Picture a community health worker in rural Ceará writing a home-visit note about a two-year-old:

“Doctor, he has these esparros at night, gets all molinho afterwards, and his cabeção is growing too big.”

For that sentence to become traceable science, it has to resolve to three specific HPO terms: HP:0001250 (Seizure), HP:0001252 (Muscular hypotonia), and HP:0000256 (Macrocephaly). Each of those codes opens a continent of medical literature, gene associations, clinical trials, reference centres. But the health worker doesn't speak HPO. The mother doesn't speak HPO. And AI models trained on English medical text, including the best ones available today, don't either.

The result: the most valuable clinical observation stays trapped in the very sentence that expressed it.

What HPO is, in one figure

The Human Phenotype Ontology is, in essence, the common dictionary of genomic medicine: roughly 17,000 terms organised in a hierarchical tree that runs from broad concepts (“abnormality of the nervous system”) down to highly specific descriptions (“low-frequency postural hand tremor”). When a geneticist describes a patient in HPO, they are speaking a language any researcher in the world can understand, and that diagnostic search algorithms can process.

Hierarchical view of HPO terms — Figure · The HPO ontology is a tree. Each term is a child of broader terms and a parent of more specific ones. “Macrocephaly” lives under “Abnormality of the head”; “Tonic-clonic seizure” under “Seizure.” This structure lets diagnostic systems exploit kinship and hierarchical depth, if the patient has term X, they likely also have ancestors Y and Z.

HPO is maintained by the Jackson Laboratory and continuously updated by the international community. In 2024 it received an official Portuguese translation through the Babelon HPO-PT project. But formal translation is not real speech. “Hydrocephalus” is in Babelon. “Água na cabeça” is not.

How Araras learned to listen

We started from BioLORD-2023, the best biomedical encoder published in 2024, and ran multi-phase contrastive fine-tuning across four kinds of data:

35,000

Canonical HPO pairs (name, synonyms, definitions)

23,885

Official Portuguese translations (Babelon HPO-PT)

800+

Colloquial Brazilian pairs, hand-curated, covering NE, SE, S, CO, N regions

46,000

IS_A relations from the HPO hierarchy, used for hierarchical regularisation

Training also automatically mines ~44,000 hard negatives, HPO terms that look similar to the input but are wrong, and uses a Multiple Negatives Ranking loss with cosine similarity. The result is a 110M-parameter encoder that projects any sentence into a 768-dimensional space where semantically equivalent symptoms, in any register, formal or colloquial, in PT or EN, sit close together.

What changed, in numbers

We evaluated Araras on five scenarios, comparing against BioLORD-2023 (the previous state-of-the-art). The most dramatic jump appears exactly where the field always failed: colloquial Portuguese.
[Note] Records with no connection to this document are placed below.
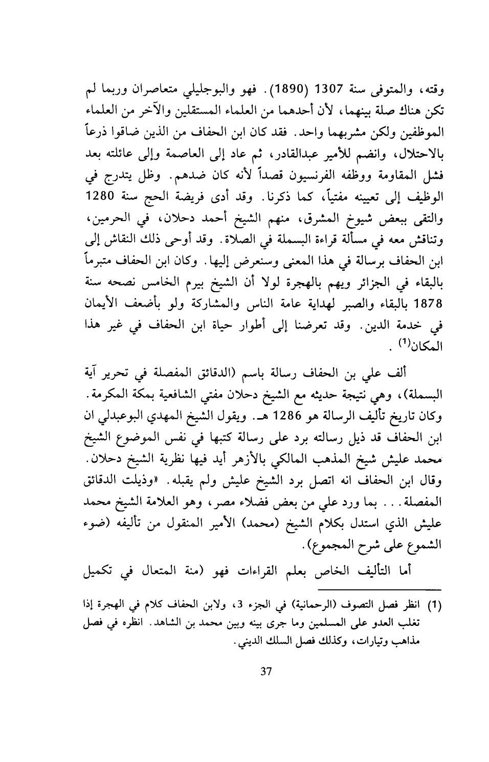 وقته، والمتوفى سنة 1307 (1890). فهو والبوجليلي متعاصران وربما لم تكن هناك صلة بينهما، لأن أحدهما من العلماء المستقلين والآخر من العلماء الموظفين ولكن مشربهما واحد. فقد كان ابن الحفاف من الذين ضاقوا ذرعا بالاحتلال، وانضم للأمير عبد القادر، ثم عاد إلى العاصمة وإلى عائلته بعد فشل المقاومة ووظفه الفرنسيون قصدا لأنه كان ضدهم. وظل يتدرج في الوظيف إلى تعيينه مفتيا، كما ذكرنا. وقد أدى فريضة الحج سنة 1280 والتقى ببعض شيوخ المشرق، منهم الشيخ أحمد دحلان، في الحرمين، وتناقش معه في مسألة قراءة البسملة في الصلاة. وقد أوحى ذلك النقاش إلى ابن الحفاف برسالة في هذا المعنى وسنعرض إليها. وكان ابن الحفاف متبرما بالبقاء في الجزائر ويهم بالهجرة لولا أن الشيخ بيرم الخامس نصحه سنة 1878 بالبقاء والصبر لهداية عامة الناس والمشاركة ولو بأضعف الإيمان في خدمة الدين. وقد تعرضنا إلى أطوار حياة ابن الحفاف في غير هذا المكان (¬1).
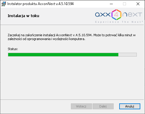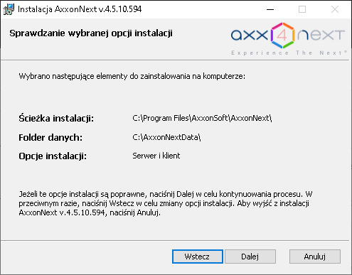 26. Sprawdź poprawność ustawień instalacji, i naciśnij przycisk Dalej, by rozpocząć instalację. Rozpocznie się instalacja Axxon Next.
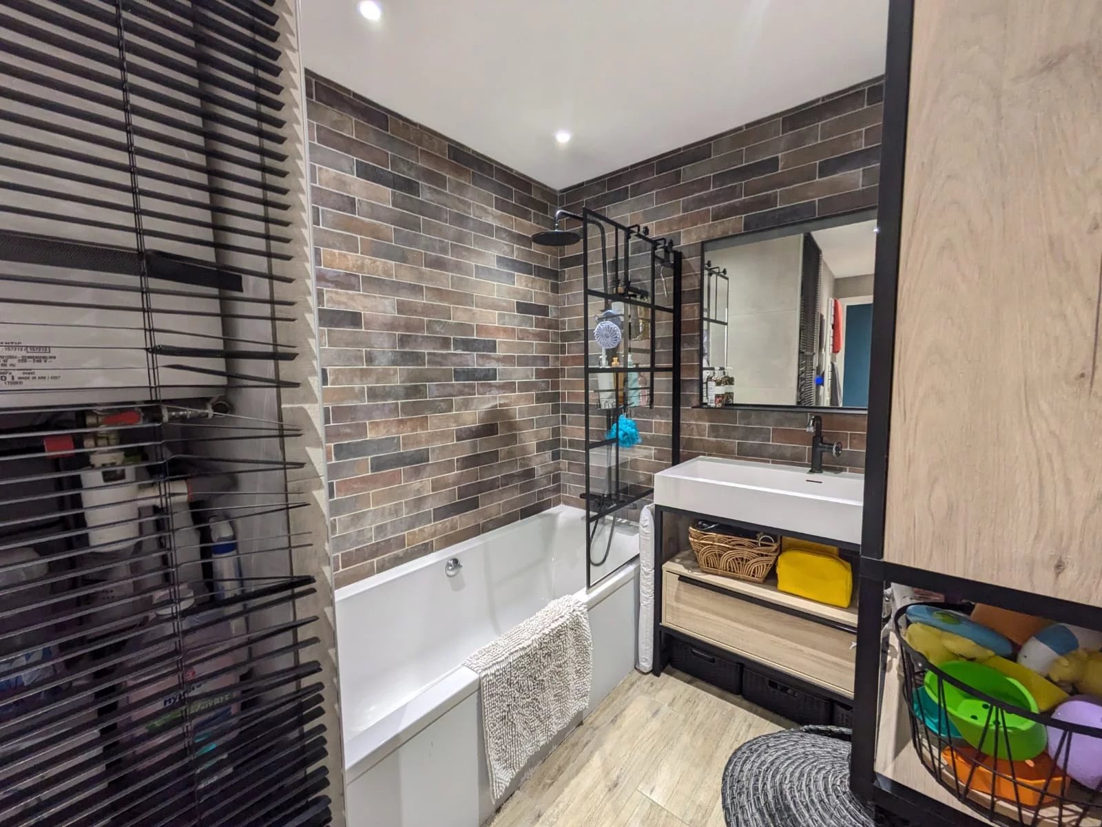 Dans un bel immeuble bien entretenu à proximité du tramway et des commodités tout en étant en retrait des axes de circulation, superbe rénovation pour cet appartement familial au charme unique.
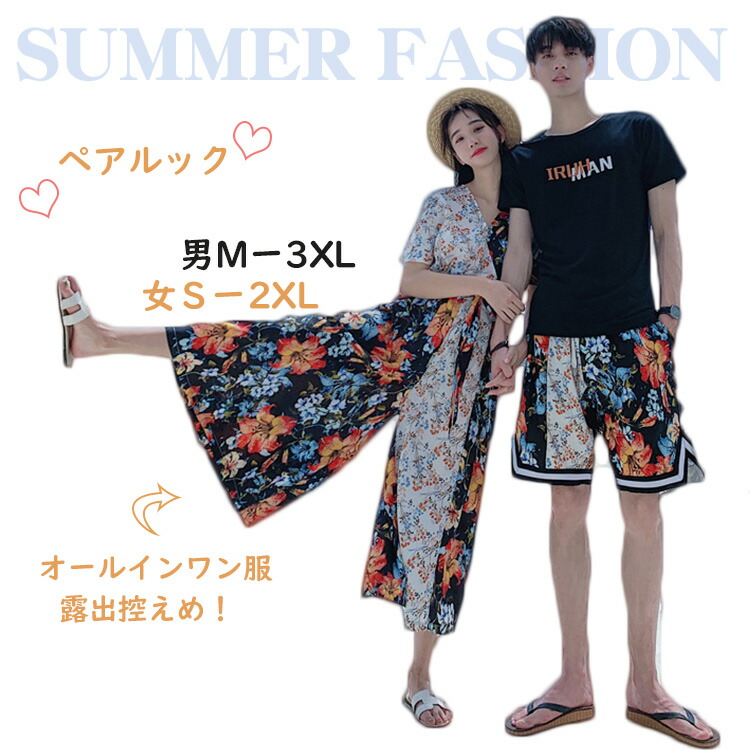 ペアお揃い オールインワン服 ポへミア ワンピース 海遊び ペアtシャツ 露出控えめレディースファッション トップス Tシャツ カットソー

Scenario	BioLORD-2023	Araras	Δ
RareBench (EN, n=13,763), Top1	95.01%	97.81%	+2.80
BR-PT formal (Babelon, n=7,142), Top1	17.22%	62.00%	+44.78
BR-PT colloquial (n=24, eval), Top1	4.17%	79.17%	+75.00
BR-PT colloquial, Top5	4.17%	100.00%	+95.83
Brazilian clinical narratives (n=22, 5 cases), Acc@1	—	95.5%	—

The point is not just that Araras is state-of-the-art: it is that colloquial Portuguese went from indistinguishable from chance (4.17% Top-1) to nearly solved (79.17% Top-1, 100% Top-5). On real Brazilian clinical narratives it gets the right HPO term on the first guess 95.5% of the time.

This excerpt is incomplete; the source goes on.